I wouldn't say it is a FACT. FSA cranks are rubbish. Plain and simple. I would never use them again after my past experience with them. 

See now you are talking about a custom built wheel set for $500-700, far from the $200 difference in the price of the CAAD10 and the SuperSix in this example. If you sell the stock crank your $200 becomes $300 and you will get a nice crank in the process that will blow everything else away. For me, that is what I would do if I only had $200 left in my pocket to spend on the bike. I personally notice a difference from a Hollowgram vs. other cranks I have used in the past. Part of the reason I have a Hollowgram crank on both of my bikes. 

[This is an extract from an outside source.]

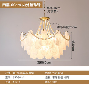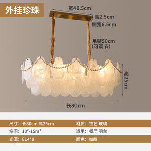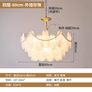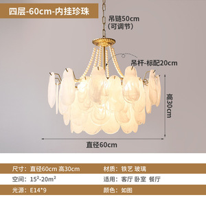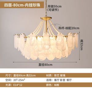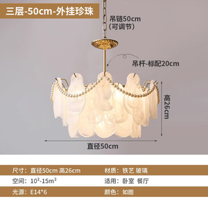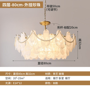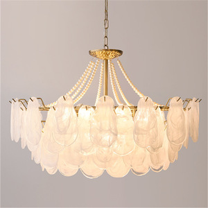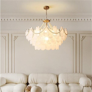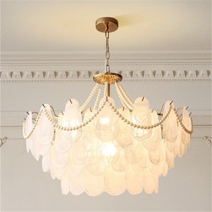 軽豪華フランス全スペクトル客間シャンデリア復古シンプル現代水晶真珠貝殻主寝室レストラン照明

Now if the price difference was closer to $700, then yes I would agree that some new wheels would be better. But we are not talking about a $700 difference. It is $200.

Btw, I have probably been around cycling just as long as you have. :thumbsup:


----------



## Wookiebiker (Sep 5, 2005)

tranzformer said:


> See now you are talking about a custom built wheel set for $500-700, far from the $200 difference in the price of the CAAD10 and the SuperSix in this example. If you sell the stock crank your $200 becomes $300 and you will get a nice crank in the process that will blow everything else away. For me, that is what I would do if I only had $200 left in my pocket to spend on the bike. I personally notice a difference from a Hollowgram vs. other cranks I have used in the past. Part of the reason I have a Hollowgram crank on both of my bikes.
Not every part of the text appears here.